Los padres de Agustín Raimondo, el empresario de medios detenido en La Plata en una causa por violencia de género, presentaron una denuncia contra la magistrada que interviene en el caso, Cecilia Inés Sanucci, a quien acusaron por una presunta interferencia indebida sobre la defensa, al margen de plantear dudas sobre su imparcialidad.

Mónica Belcastro y Héctor Raimondo, padres del imputado, hicieron la presentación ante la Secretaría Permanente del Jurado de Enjuiciamiento de Magistrados y Funcionarios de la Provincia de Buenos Aires. La magistrada integra el Tribunal Oral Criminal I de nuestra ciudad.

En el documento, al que tuvo acceso este diario, se solicita que se investigue una serie de situaciones ocurridas durante la preparación y el desarrollo del debate que, después de una postergación inicial, tendría como fecha de inicio este 20 y 21 de agosto, aunque persisten ciertas dudas sobre si realmente será esta semana al de arranque del proceso oral.
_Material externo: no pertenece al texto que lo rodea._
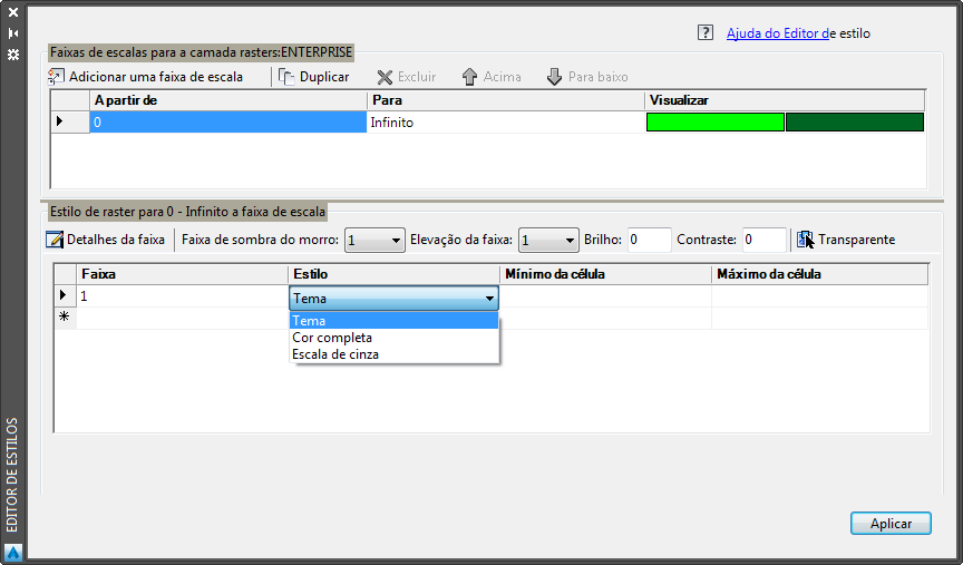 - No Editor de estilo, em Estilo raster para 0 - Faixa de escala infinita, clique na seta para baixo na entrada Estilo. Selecione Tema(mesmo se ele já estiver selecionado).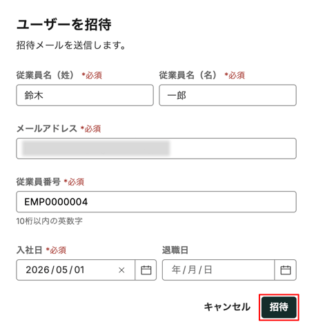 - 招待する従業員の「従業員名(姓)」「従業員名(名)」「メールアドレス」「従業員番号」「入社日」を入力し、画面右下の[招待]を押すと、対象の従業員に招待メールが送付されます。

Según sostienen los denunciantes, el planteo no busca cuestionar decisiones judiciales que puedan ser revisadas mediante los mecanismos naturales, sino que pretende que se analice si determinadas conductas de Sanucci podrían resultar incompatibles con los deberes de imparcialidad, prudencia, independencia, mesura y respeto por el derecho de defensa.

Uno de los episodios centrales señalados en la presentación ocurrió cuando, debido a una imposibilidad de concurrir del defensor particular, se produjo la apertura de una audiencia con la presencia del imputado, pero sin su abogado de confianza.

En ese contexto, los padres de Raimondo aseguran que la magistrada habría realizado preguntas vinculadas con la relación entre el imputado y su defensor y que habría intentado conocer detalles de una conversación mantenida entre ambos el día anterior.

La denuncia sostiene que esa situación podría haber afectado la confidencialidad que debe existir entre un abogado y su asistido, particularmente en cuestiones vinculadas a la estrategia defensiva.

Pero además plantearon un episodio considerado de especial gravedad por los denunciantes: aseguran que la jueza habría sugerido al imputado que evaluara cambiar de abogado.

De acuerdo con la presentación, la magistrada habría expresado que hacerlo sería “para su bien” y que, cambiando de defensor, “le iría bien”, recomendándole que tomara esa decisión.

La denuncia también incorpora distintos episodios vinculados con la fijación y posterior reprogramación de las audiencias.

Según los denunciantes, la defensa había comunicado impedimentos objetivos y compromisos profesionales previamente asumidos, entre ellos un viaje laboral cuyo pasaje había sido adquirido antes de la nueva fecha de juicio.

La presentación sostiene que los pedidos efectuados por la defensa procuraban compatibilizar las agendas profesionales con las herramientas institucionales disponibles y que, sin embargo, la dinámica adoptada habría profundizado una situación de tensión entre el tribunal y la defensa.

Los denunciantes aclaran que no sostienen que una resolución desfavorable sea, por sí misma, demostrativa de parcialidad. Lo que pretenden es que se analice el conjunto de los episodios y no cada situación de manera aislada.

Otro de los ejes de la presentación apunta a la denominada “apariencia objetiva de imparcialidad”, ya que aseguran que existieron reiteradas reuniones entre representantes legales de la denunciante y personas vinculadas al proceso. Por eso piden los registros de las cámaras internas.

Por último, en lo referente a la perspectiva de género aclararon que no cuestionan la obligación de los magistrados de su implementación cuando corresponda, pero sostienen que debe coexistir con garantías como la presunción de inocencia, el debido proceso y “la igualdad de armas” entre las partes.